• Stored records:
-=-=-=-=-
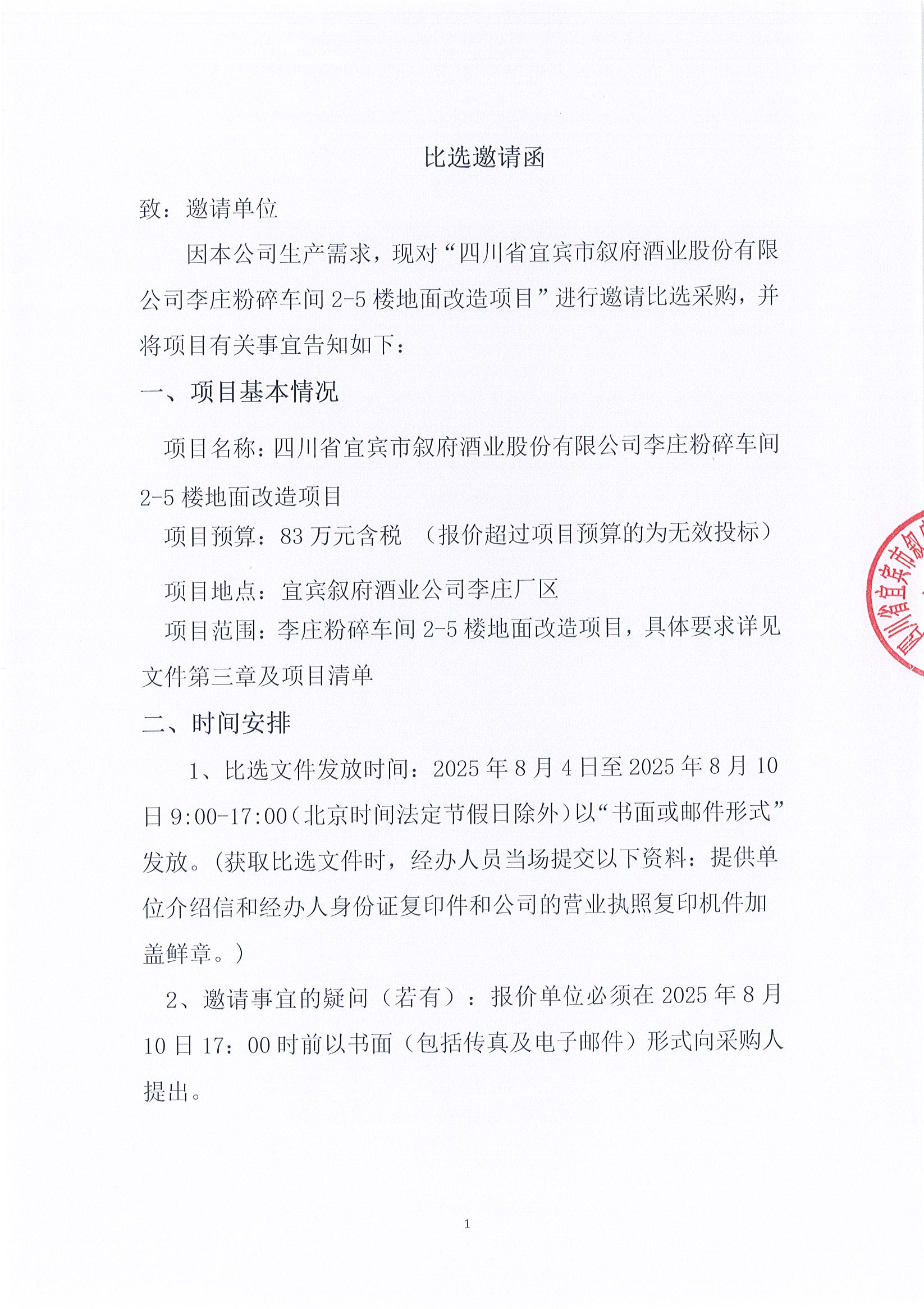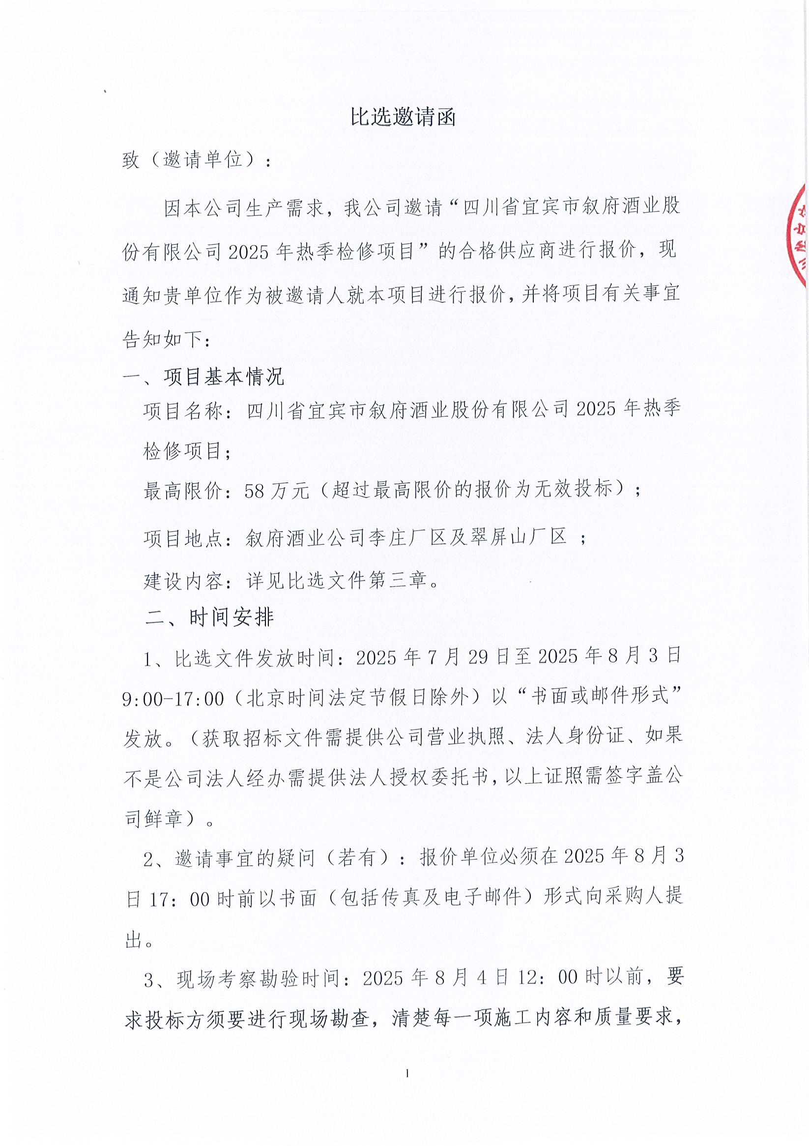 四川省宜賓市敘府酒業(yè)股份有限公司2025年熱季檢修項(xiàng)目公開比選招標(biāo)公告
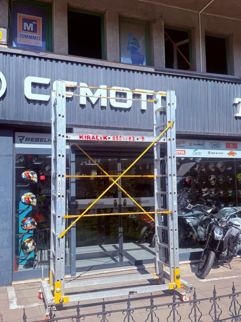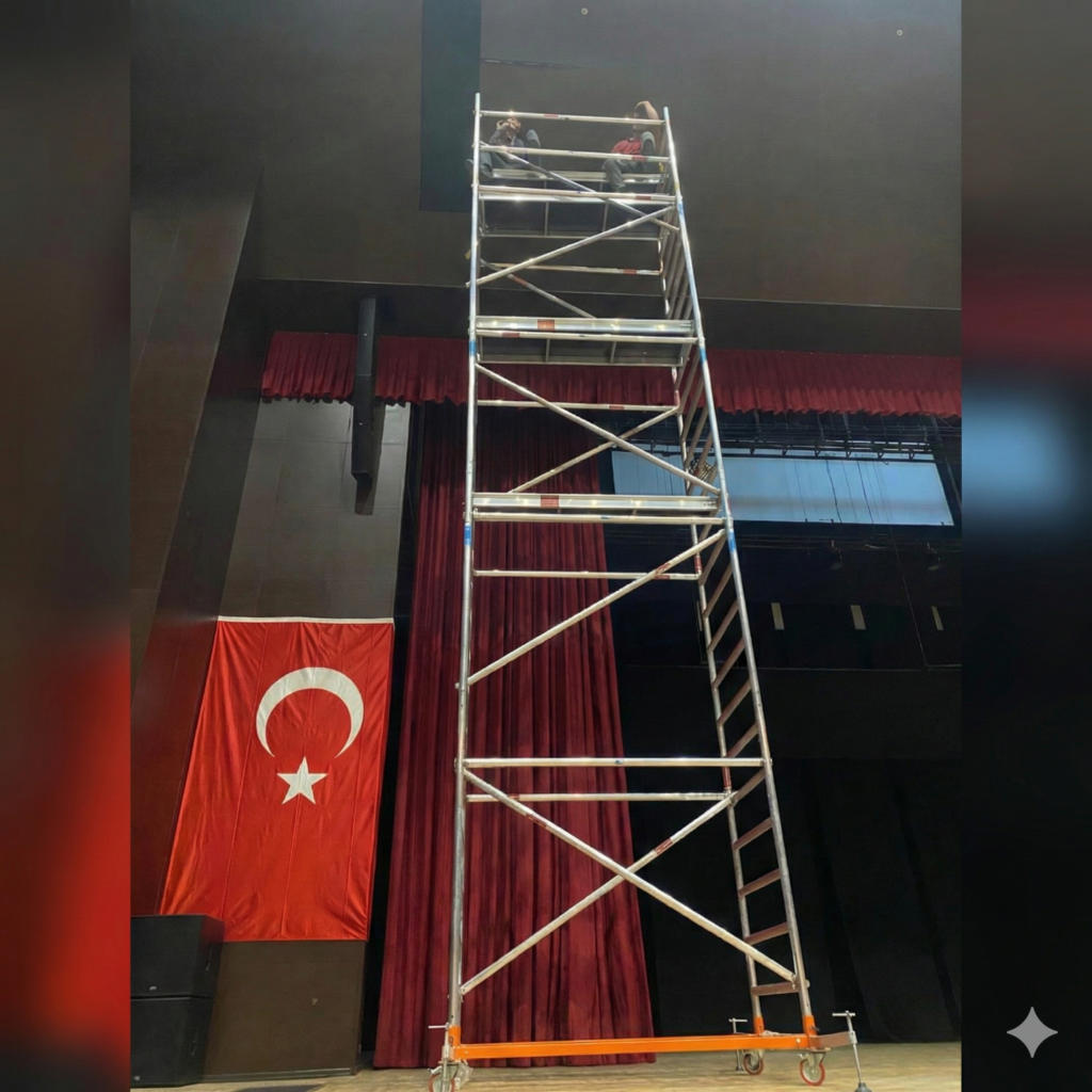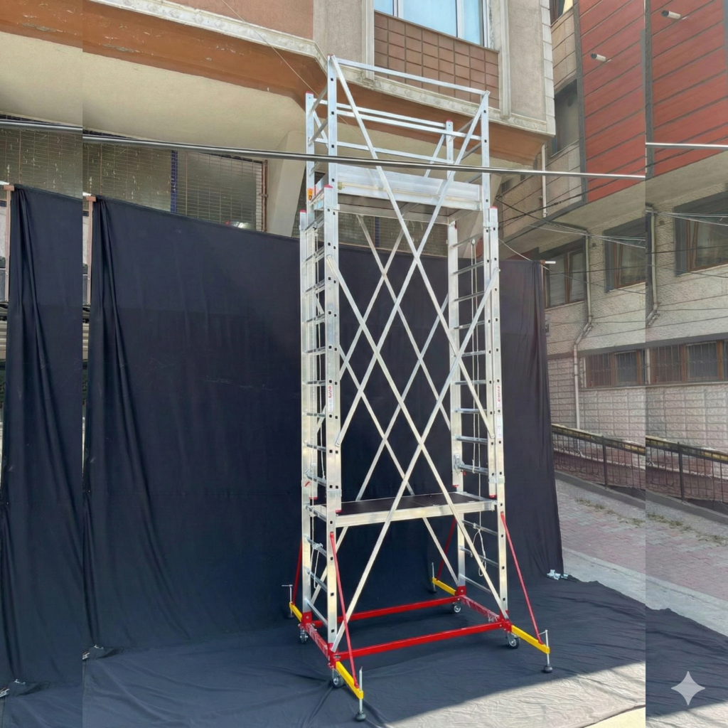 2–4–6–8–10 metre seçeneklerine sahip Mobil İskele sistemimiz, işin yüksekliğine göre esnek kullanım sunarak farklı projelere hızlıca uyum sağlar. Modüler yapısı sayesinde ihtiyaç duyulan seviyeye kolayca yükseltilir; iç mekân çalışmaları, dış cephe uygulamaları ve şantiye ortamlarında güvenli bir çalışma alanı oluşturur.
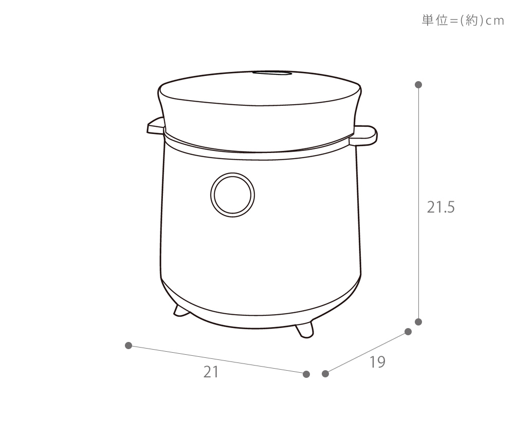 | サイズ | 約幅21×奥行19×高さ21.5cm 内釜:約直径14.5×高さ10cm(約1.2mm厚) ※コード:約105cm |
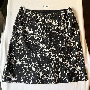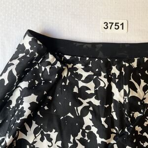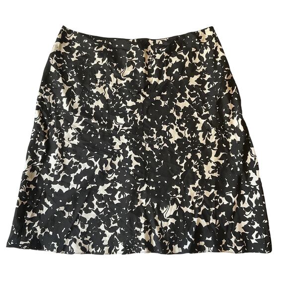 Lauren Ralph Women Silk Skirt 12 Black White Floral A-Line Lined Knee Length
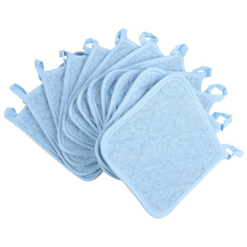 100% Cotton QUALITY: 12-pack of premium quality pot holder made up of 100% cotton (terry-looped), designed to feel soft and quilting allows for easy flexibility in these pot holders. A bulk pack of 12 make perfect for large-scale or frequent uses, offer durability and grip. A bulk pack is also more cost efficient. HEAT-RESISTANT: These pot holders will protect your hands from heat when removing dishes from the oven and hot pots from the stove, then rest your dishes on them like hot pads to protect kitchen surfaces. Do not use in a hot oven or over an open flame MULTIPURPOSE: These terry cotton oven mitts pot holders are ideal for hot pots, hot pan holder, microwave splatter guard, spoon rest, jar opener, trivet, and large coaster. Theses pot holders are perfect for business, baking, kitchen and cooking. SIZE: Our pot holders are perfect, large size - 7 x 7 in. with hemmed edges give the cloth strength and durability. It’s providing you perfect material with the benefits of heat resistant quality that you expect in your home. MACHINE WASHABLE: These pot holders are machine washable with cold water and tumble dry low (Do not bleach). Cotton makes it soft, light weight and easy to wash and can definitely hold up to multiple washes without thinning out or unraveling.
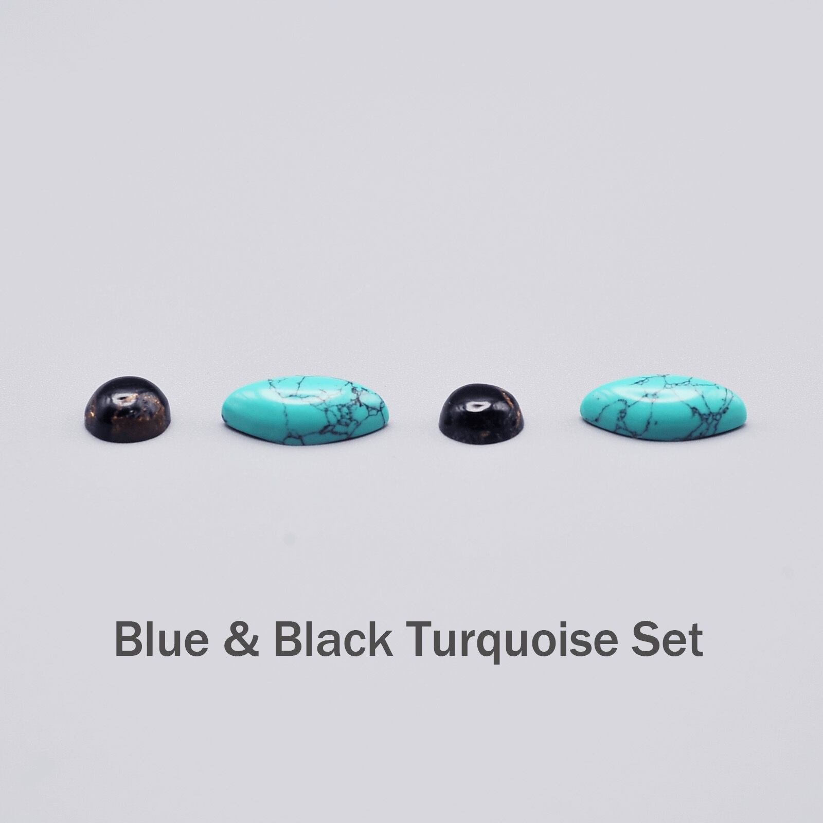 鮮やかな空色と黒のスパイダーウェブ模様が美しいターコイズに、金属片を閉じ込めたユニークなオイスターコッパーターコイズを組み合わせた特別な4ピースセット。
-=-=-=-=-
• Exercise prompt:
Output the entries above verbatim. Omit the images.

• Output of the task:
 四川省宜賓市敘府酒業(yè)股份有限公司2025年熱季檢修項(xiàng)目公開比選招標(biāo)公告
 2–4–6–8–10 metre seçeneklerine sahip Mobil İskele sistemimiz, işin yüksekliğine göre esnek kullanım sunarak farklı projelere hızlıca uyum sağlar. Modüler yapısı sayesinde ihtiyaç duyulan seviyeye kolayca yükseltilir; iç mekân çalışmaları, dış cephe uygulamaları ve şantiye ortamlarında güvenli bir çalışma alanı oluşturur.
 | サイズ | 約幅21×奥行19×高さ21.5cm 内釜:約直径14.5×高さ10cm(約1.2mm厚) ※コード:約105cm |
 Lauren Ralph Women Silk Skirt 12 Black White Floral A-Line Lined Knee Length
 100% Cotton QUALITY: 12-pack of premium quality pot holder made up of 100% cotton (terry-looped), designed to feel soft and quilting allows for easy flexibility in these pot holders. A bulk pack of 12 make perfect for large-scale or frequent uses, offer durability and grip. A bulk pack is also more cost efficient. HEAT-RESISTANT: These pot holders will protect your hands from heat when removing dishes from the oven and hot pots from the stove, then rest your dishes on them like hot pads to protect kitchen surfaces. Do not use in a hot oven or over an open flame MULTIPURPOSE: These terry cotton oven mitts pot holders are ideal for hot pots, hot pan holder, microwave splatter guard, spoon rest, jar opener, trivet, and large coaster. Theses pot holders are perfect for business, baking, kitchen and cooking. SIZE: Our pot holders are perfect, large size - 7 x 7 in. with hemmed edges give the cloth strength and durability. It’s providing you perfect material with the benefits of heat resistant quality that you expect in your home. MACHINE WASHABLE: These pot holders are machine washable with cold water and tumble dry low (Do not bleach). Cotton makes it soft, light weight and easy to wash and can definitely hold up to multiple washes without thinning out or unraveling.
 鮮やかな空色と黒のスパイダーウェブ模様が美しいターコイズに、金属片を閉じ込めたユニークなオイスターコッパーターコイズを組み合わせた特別な4ピースセット。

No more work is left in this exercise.